函数 zeros 创建一个全为零的数组,该函数
ones 创建一个全为 1 的数组,函数 empty
创建一个数组,其初始内容是随机的,并且取决于
内存状态。默认情况下,创建的数组的数据类型为
float64 ,但可以通过关键字参数 dtype 指定。
>>> np.zeros((3, 4))
array([[0., 0., 0., 0.],
[0., 0., 0., 0.],
[0., 0., 0., 0.]])
>>> np.ones((2, 3, 4), dtype=np.int16)
array([[[1, 1, 1, 1],
[1, 1, 1, 1],
[1, 1, 1, 1]],
[[1, 1, 1, 1],
[1, 1, 1, 1],
[1, 1, 1, 1]]], dtype=int16)
>>> np.empty((2, 3))
array([[3.73603959e-262, 6.02658058e-154, 6.55490914e-260], # may vary
[5.30498948e-313, 3.14673309e-307, 1.00000000e+000]])
To create sequences of numbers, NumPy provides the arange function
which is analogous to the Python built-in range, but returns an
array.
为了创建数字序列,NumPy 提供了 arange 函数,该函数类似于 Python 内置的 range ,但返回一个数组。
>>> np.arange(10, 30, 5)
array([10, 15, 20, 25])
>>> np.arange(0, 2, 0.3) # it accepts float arguments
array([0. , 0.3, 0.6, 0.9, 1.2, 1.5, 1.8])
When arange is used with floating point arguments, it is generally
not possible to predict the number of elements obtained, due to the
finite floating point precision. For this reason, it is usually better
to use the function linspace that receives as an argument the number
of elements that we want, instead of the step:
当 arange 与浮点参数一起使用时,由于浮点精度有限,通常无法预测获得的元素数量。因此,通常最好使用 linspace 函数,该函数接收我们想要的元素数量作为参数,而不是使用 step 函数:
>>> from numpy import pi
>>> np.linspace(0, 2, 9) # 9 numbers from 0 to 2
array([0. , 0.25, 0.5 , 0.75, 1. , 1.25, 1.5 , 1.75, 2. ])
>>> x = np.linspace(0, 2 * pi, 100) # useful to evaluate function at lots of points
>>> f = np.sin(x)
See also 参见
array,
zeros,
zeros_like,
ones,
ones_like,
empty,
empty_like,
arange,
linspace,
random.Generator.random,
random.Generator.normal,
fromfunction,
fromfilearray ,
zeros ,
zeros_like ,
ones ,
ones_like ,
empty ,
empty_like ,
arange ,
linspace ,
random.Generator.random ,
random.Generator.normal ,
fromfunction
fromfile
Printing arrays# 打印数组#
When you print an array, NumPy displays it in a similar way to nested
lists, but with the following layout:
打印数组时,NumPy 以类似于嵌套列表的方式显示它,但采用以下布局:
the last axis is printed from left to right,
最后一个轴从左到右打印,the second-to-last is printed from top to bottom,
倒数第二个从上到下打印,the rest are also printed from top to bottom, with each slice separated from the next by an empty line.

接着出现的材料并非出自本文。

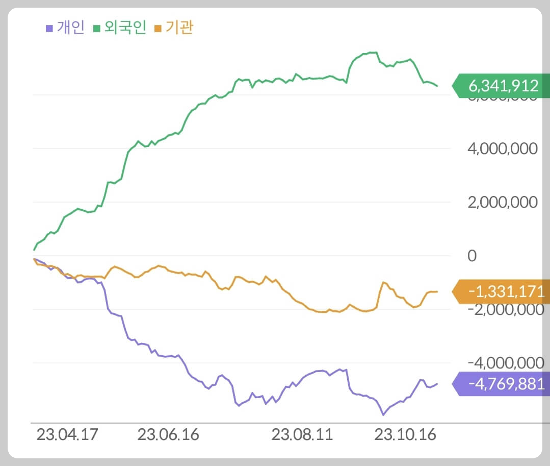 - 개인 5조 매도, 외국인 6.3조 매수, 기관 1.3조 매도

其余部分也从上到下打印,每个切片与下一个切片之间用空行分隔。
One-dimensional arrays are then printed as rows, bidimensionals as
matrices and tridimensionals as lists of matrices.

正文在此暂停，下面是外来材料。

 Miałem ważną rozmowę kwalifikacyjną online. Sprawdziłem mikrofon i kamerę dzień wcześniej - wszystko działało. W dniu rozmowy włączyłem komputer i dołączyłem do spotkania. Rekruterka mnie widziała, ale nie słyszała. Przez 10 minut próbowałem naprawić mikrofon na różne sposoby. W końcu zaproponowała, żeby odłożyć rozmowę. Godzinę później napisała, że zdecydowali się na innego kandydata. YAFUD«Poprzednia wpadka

然后将一维数组打印为行,将二维数组打印为矩阵,将三维数组打印为矩阵列表。
>>> a = np.arange(6) # 1d array
>>> print(a)
[0 1 2 3 4 5]
>>>
>>> b = np.arange(12).reshape(4, 3) # 2d array
>>> print(b)
[[ 0 1 2]
[ 3 4 5]
[ 6 7 8]
[ 9 10 11]]
>>>
>>> c = np.arange(24).reshape(2, 3, 4) # 3d array
>>> print(c)
[[[ 0 1 2 3]
[ 4 5 6 7]
[ 8 9 10 11]]
[[12 13 14 15]
[16 17 18 19]
[20 21 22 23]]]
See below to get
more details on reshape.
请参阅下文以获取有关 reshape 的更多详细信息。
If an array is too large to be printed, NumPy automatically skips the
central part of the array and only prints the corners:
如果数组太大而无法打印,NumPy 会自动跳过数组的中心部分并仅打印角落:
>>> print(np.arange(10000))
[ 0 1 2 ... 9997 9998 9999]
>>>
>>> print(np.arange(10000).reshape(100, 100))
[[ 0 1 2 ... 97 98 99]
[ 100 101 102 ... 197 198 199]
[ 200 201 202 ... 297 298 299]
...
[9700 9701 9702 ... 9797 9798 9799]
[9800 9801 9802 ... 9897 9898 9899]
[9900 9901 9902 ... 9997 9998 9999]]
To disable this behaviour and force NumPy to print the entire array, you
can change the printing options using set_printoptions.
要禁用此行为并强制 NumPy 打印整个数组,您可以使用 set_printoptions 更改打印选项。
>>> np.set_printoptions(threshold=sys.maxsize) # sys module should be imported
Basic operations# 基本操作#
Arithmetic operators on arrays apply elementwise. A new array is
created and filled with the result.
数组上的算术运算符按元素进行操作。系统会创建一个新数组,并用结果填充它。
>>> a = np.array([20, 30, 40, 50])
>>> b = np.arange(4)
>>> b
array([0, 1, 2, 3])
>>> c = a - b
>>> c
array([20, 29, 38, 47])
>>> b**2
array([0, 1, 4, 9])
>>> 10 * np.sin(a)
array([ 9.12945251, -9.88031624, 7.4511316 , -2.62374854])
>>> a < 35
array([ True, True, False, False])
Unlike in many matrix languages, the product operator * operates
elementwise in NumPy arrays. The matrix product can be performed using
the @ operator (in python >=3.5) or the dot function or method:
与许多矩阵语言不同,NumPy 数组中的乘积运算符 * 是逐元素运算的。矩阵乘积可以使用 @ 运算符(在 Python 3.5 中)或 dot 函数或方法执行:
>>> A = np.array([[1, 1],
... [0, 1]])
>>> B = np.array([[2, 0],
... [3, 4]])
>>> A * B # elementwise product
array([[2, 0],
[0, 4]])
>>> A @ B # matrix product
array([[5, 4],
[3, 4]])
>>> A.dot(B) # another matrix product
array([[5, 4],
[3, 4]])
Some operations, such as += and *=, act in place to modify an
existing array rather than create a new one.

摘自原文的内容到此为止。